(WHAT THIS TASK INVOLVES): When you retype the entries, keep each one exact and leave out the pictures.

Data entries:
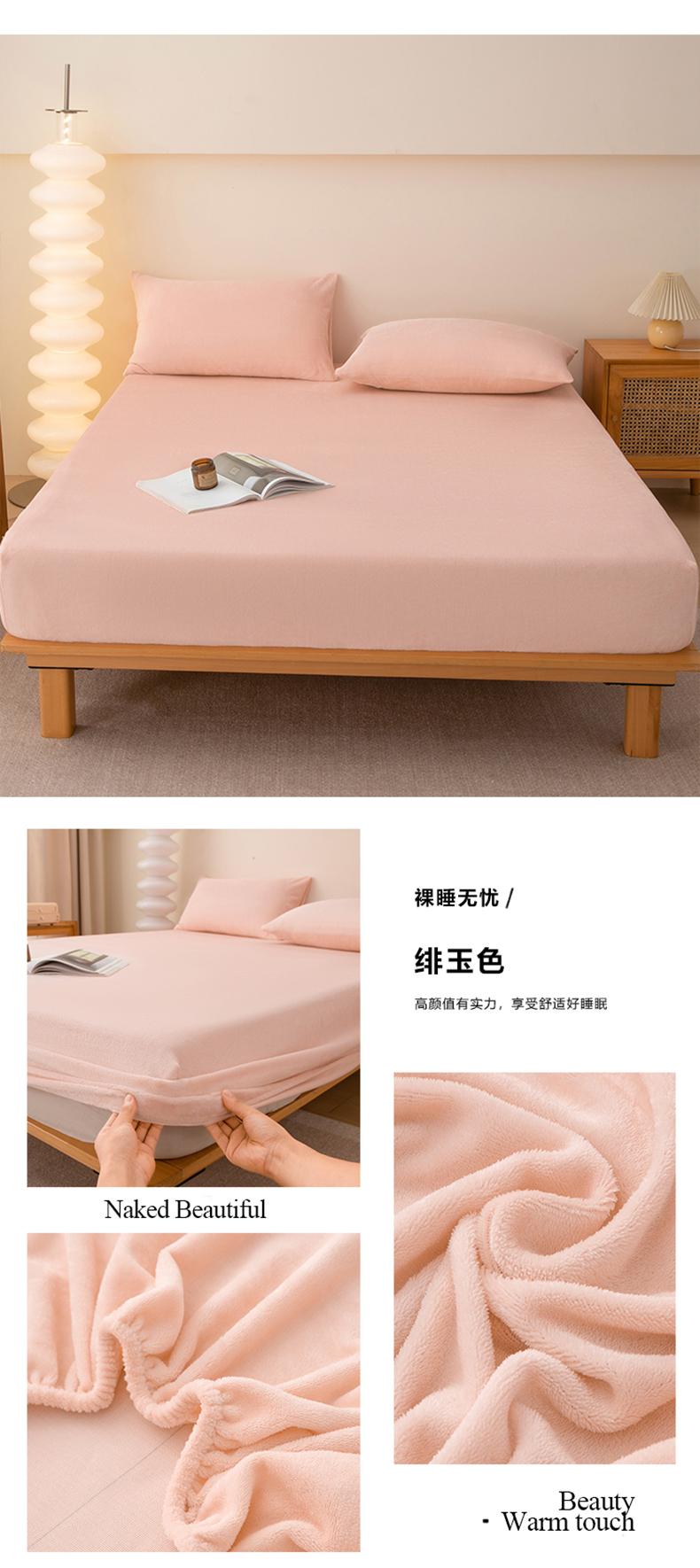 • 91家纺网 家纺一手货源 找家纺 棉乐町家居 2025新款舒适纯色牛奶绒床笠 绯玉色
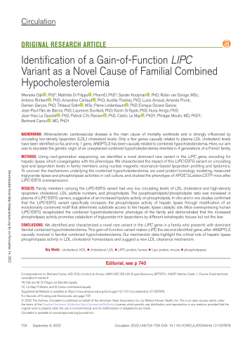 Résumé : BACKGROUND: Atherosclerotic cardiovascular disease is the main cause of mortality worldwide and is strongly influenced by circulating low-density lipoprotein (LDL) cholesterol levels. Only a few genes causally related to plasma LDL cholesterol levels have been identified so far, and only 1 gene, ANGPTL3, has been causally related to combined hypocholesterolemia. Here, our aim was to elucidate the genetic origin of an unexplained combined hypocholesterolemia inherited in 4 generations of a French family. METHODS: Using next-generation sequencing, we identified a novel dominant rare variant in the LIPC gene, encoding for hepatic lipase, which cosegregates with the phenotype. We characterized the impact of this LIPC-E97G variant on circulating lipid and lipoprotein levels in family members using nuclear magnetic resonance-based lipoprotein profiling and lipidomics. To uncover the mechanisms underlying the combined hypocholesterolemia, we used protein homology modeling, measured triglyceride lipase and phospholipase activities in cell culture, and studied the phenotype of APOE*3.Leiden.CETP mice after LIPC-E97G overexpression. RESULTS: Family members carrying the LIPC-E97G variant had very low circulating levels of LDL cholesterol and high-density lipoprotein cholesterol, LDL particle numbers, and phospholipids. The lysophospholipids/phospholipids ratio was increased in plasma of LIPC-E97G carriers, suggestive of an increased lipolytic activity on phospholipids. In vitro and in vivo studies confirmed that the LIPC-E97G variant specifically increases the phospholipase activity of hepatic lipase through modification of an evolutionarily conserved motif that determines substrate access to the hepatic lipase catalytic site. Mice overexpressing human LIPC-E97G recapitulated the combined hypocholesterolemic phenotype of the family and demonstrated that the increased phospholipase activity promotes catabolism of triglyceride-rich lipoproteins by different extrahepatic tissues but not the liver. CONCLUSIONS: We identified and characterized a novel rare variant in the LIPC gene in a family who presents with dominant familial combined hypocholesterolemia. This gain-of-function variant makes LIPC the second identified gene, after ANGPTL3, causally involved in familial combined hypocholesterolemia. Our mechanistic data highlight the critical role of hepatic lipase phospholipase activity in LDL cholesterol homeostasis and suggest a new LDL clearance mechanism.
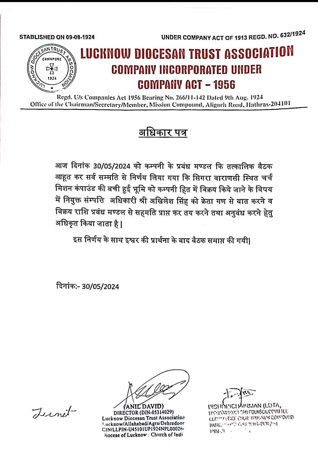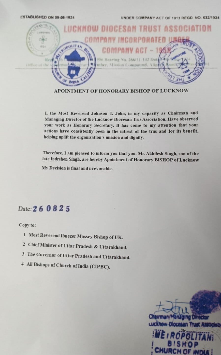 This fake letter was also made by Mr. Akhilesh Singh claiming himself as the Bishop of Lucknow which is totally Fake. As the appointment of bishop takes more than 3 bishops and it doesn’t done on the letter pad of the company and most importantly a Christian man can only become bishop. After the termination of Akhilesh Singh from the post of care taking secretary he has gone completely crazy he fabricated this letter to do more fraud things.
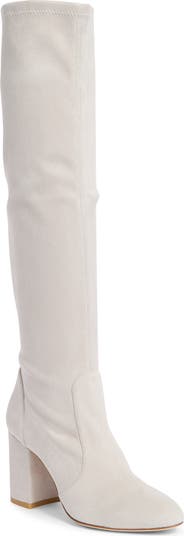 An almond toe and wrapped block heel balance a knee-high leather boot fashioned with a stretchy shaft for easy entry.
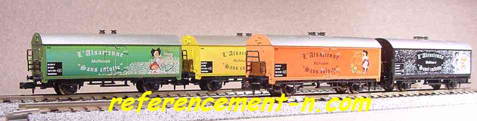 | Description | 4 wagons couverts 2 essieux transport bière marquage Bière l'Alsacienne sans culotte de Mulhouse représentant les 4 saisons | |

(ANSWER BOX):
 • 91家纺网 家纺一手货源 找家纺 棉乐町家居 2025新款舒适纯色牛奶绒床笠 绯玉色
 Résumé : BACKGROUND: Atherosclerotic cardiovascular disease is the main cause of mortality worldwide and is strongly influenced by circulating low-density lipoprotein (LDL) cholesterol levels. Only a few genes causally related to plasma LDL cholesterol levels have been identified so far, and only 1 gene, ANGPTL3, has been causally related to combined hypocholesterolemia. Here, our aim was to elucidate the genetic origin of an unexplained combined hypocholesterolemia inherited in 4 generations of a French family. METHODS: Using next-generation sequencing, we identified a novel dominant rare variant in the LIPC gene, encoding for hepatic lipase, which cosegregates with the phenotype. We characterized the impact of this LIPC-E97G variant on circulating lipid and lipoprotein levels in family members using nuclear magnetic resonance-based lipoprotein profiling and lipidomics. To uncover the mechanisms underlying the combined hypocholesterolemia, we used protein homology modeling, measured triglyceride lipase and phospholipase activities in cell culture, and studied the phenotype of APOE*3.Leiden.CETP mice after LIPC-E97G overexpression. RESULTS: Family members carrying the LIPC-E97G variant had very low circulating levels of LDL cholesterol and high-density lipoprotein cholesterol, LDL particle numbers, and phospholipids. The lysophospholipids/phospholipids ratio was increased in plasma of LIPC-E97G carriers, suggestive of an increased lipolytic activity on phospholipids. In vitro and in vivo studies confirmed that the LIPC-E97G variant specifically increases the phospholipase activity of hepatic lipase through modification of an evolutionarily conserved motif that determines substrate access to the hepatic lipase catalytic site. Mice overexpressing human LIPC-E97G recapitulated the combined hypocholesterolemic phenotype of the family and demonstrated that the increased phospholipase activity promotes catabolism of triglyceride-rich lipoproteins by different extrahepatic tissues but not the liver. CONCLUSIONS: We identified and characterized a novel rare variant in the LIPC gene in a family who presents with dominant familial combined hypocholesterolemia. This gain-of-function variant makes LIPC the second identified gene, after ANGPTL3, causally involved in familial combined hypocholesterolemia. Our mechanistic data highlight the critical role of hepatic lipase phospholipase activity in LDL cholesterol homeostasis and suggest a new LDL clearance mechanism.
 This fake letter was also made by Mr. Akhilesh Singh claiming himself as the Bishop of Lucknow which is totally Fake. As the appointment of bishop takes more than 3 bishops and it doesn’t done on the letter pad of the company and most importantly a Christian man can only become bishop. After the termination of Akhilesh Singh from the post of care taking secretary he has gone completely crazy he fabricated this letter to do more fraud things.
 An almond toe and wrapped block heel balance a knee-high leather boot fashioned with a stretchy shaft for easy entry.
 | Description | 4 wagons couverts 2 essieux transport bière marquage Bière l'Alsacienne sans culotte de Mulhouse représentant les 4 saisons | |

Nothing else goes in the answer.